(Stored data begins)

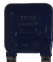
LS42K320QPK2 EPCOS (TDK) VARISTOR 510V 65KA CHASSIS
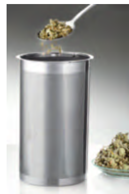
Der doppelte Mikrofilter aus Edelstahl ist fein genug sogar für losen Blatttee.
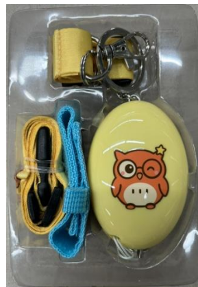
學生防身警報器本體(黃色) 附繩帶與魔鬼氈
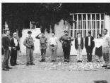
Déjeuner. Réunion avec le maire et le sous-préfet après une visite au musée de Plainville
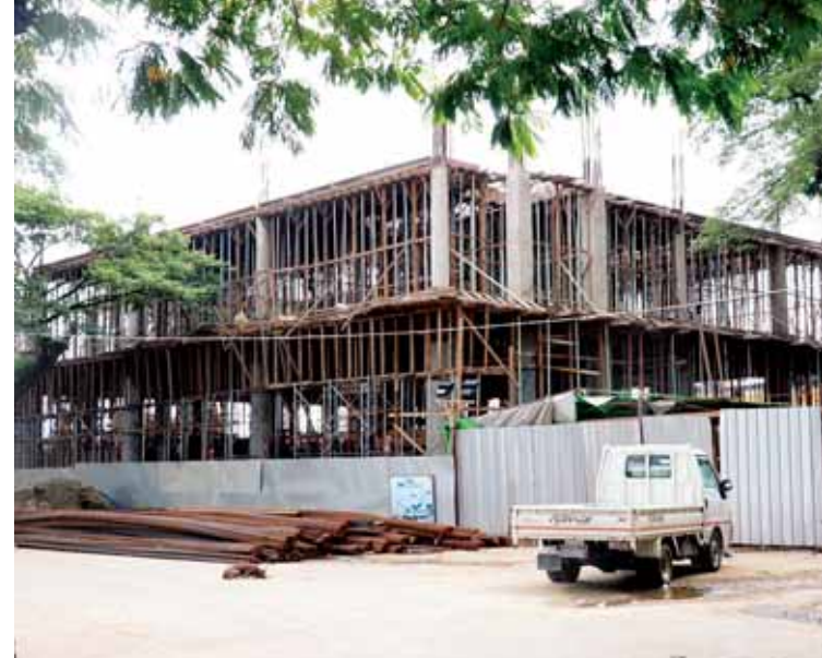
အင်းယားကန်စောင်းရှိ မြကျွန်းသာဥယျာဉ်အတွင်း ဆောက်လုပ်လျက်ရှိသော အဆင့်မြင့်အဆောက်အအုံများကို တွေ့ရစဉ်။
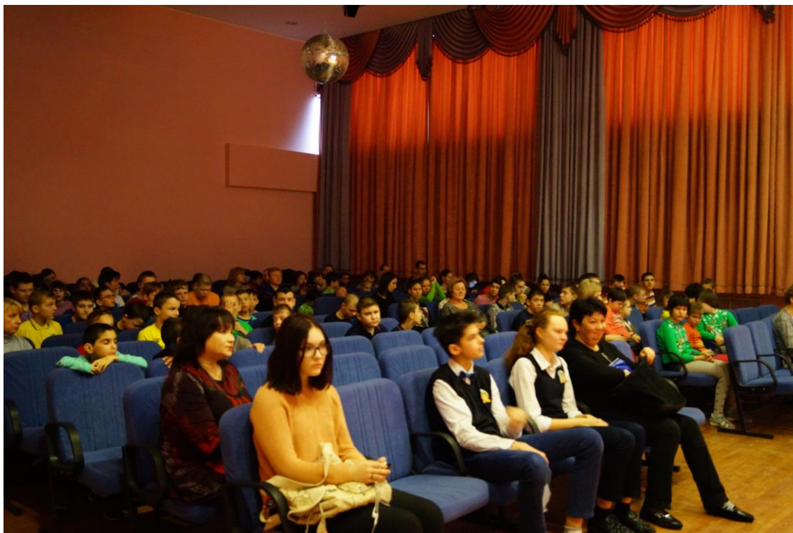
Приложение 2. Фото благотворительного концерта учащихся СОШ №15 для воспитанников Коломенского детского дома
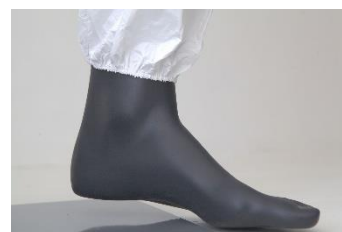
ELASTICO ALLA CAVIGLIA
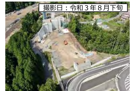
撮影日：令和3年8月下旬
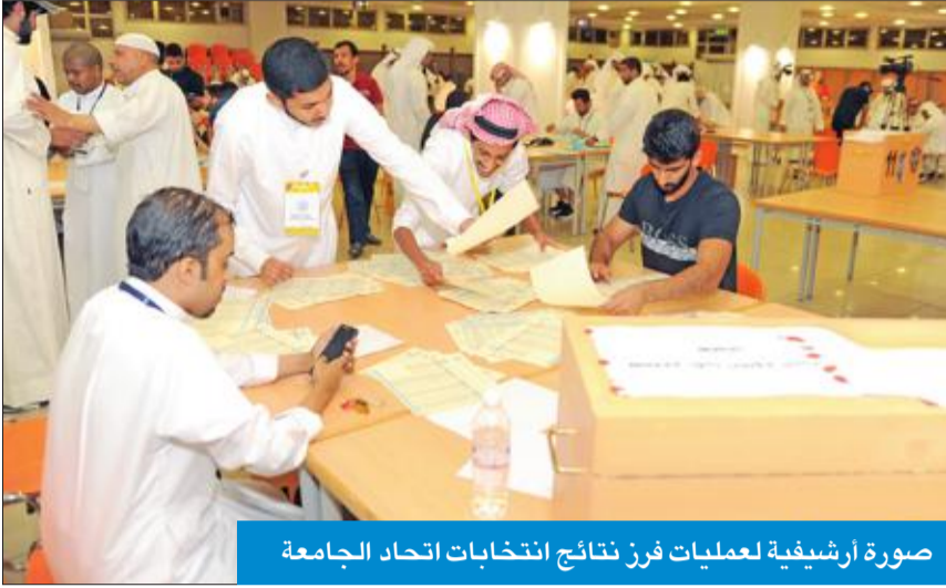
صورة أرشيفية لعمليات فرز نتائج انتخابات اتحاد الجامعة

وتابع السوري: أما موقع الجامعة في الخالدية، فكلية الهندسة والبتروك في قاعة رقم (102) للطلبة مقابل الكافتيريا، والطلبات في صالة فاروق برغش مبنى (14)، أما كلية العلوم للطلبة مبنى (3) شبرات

(Stored data ends)

▶ **What the task asks**
Every entry above needs to be duplicated precisely, and none of the pictures should appear.

▶ **Solution for this problem**
LS42K320QPK2 EPCOS (TDK) VARISTOR 510V 65KA CHASSIS
Der doppelte Mikrofilter aus Edelstahl ist fein genug sogar für losen Blatttee.
學生防身警報器本體(黃色) 附繩帶與魔鬼氈
Déjeuner. Réunion avec le maire et le sous-préfet après une visite au musée de Plainville
အင်းယားကန်စောင်းရှိ မြကျွန်းသာဥယျာဉ်အတွင်း ဆောက်လုပ်လျက်ရှိသော အဆင့်မြင့်အဆောက်အအုံများကို တွေ့ရစဉ်။
Приложение 2. Фото благотворительного концерта учащихся СОШ №15 для воспитанников Коломенского детского дома
ELASTICO ALLA CAVIGLIA
撮影日：令和3年8月下旬
صورة أرشيفية لعمليات فرز نتائج انتخابات اتحاد الجامعة

وتابع السوري: أما موقع الجامعة في الخالدية، فكلية الهندسة والبتروك في قاعة رقم (102) للطلبة مقابل الكافتيريا، والطلبات في صالة فاروق برغش مبنى (14)، أما كلية العلوم للطلبة مبنى (3) شبرات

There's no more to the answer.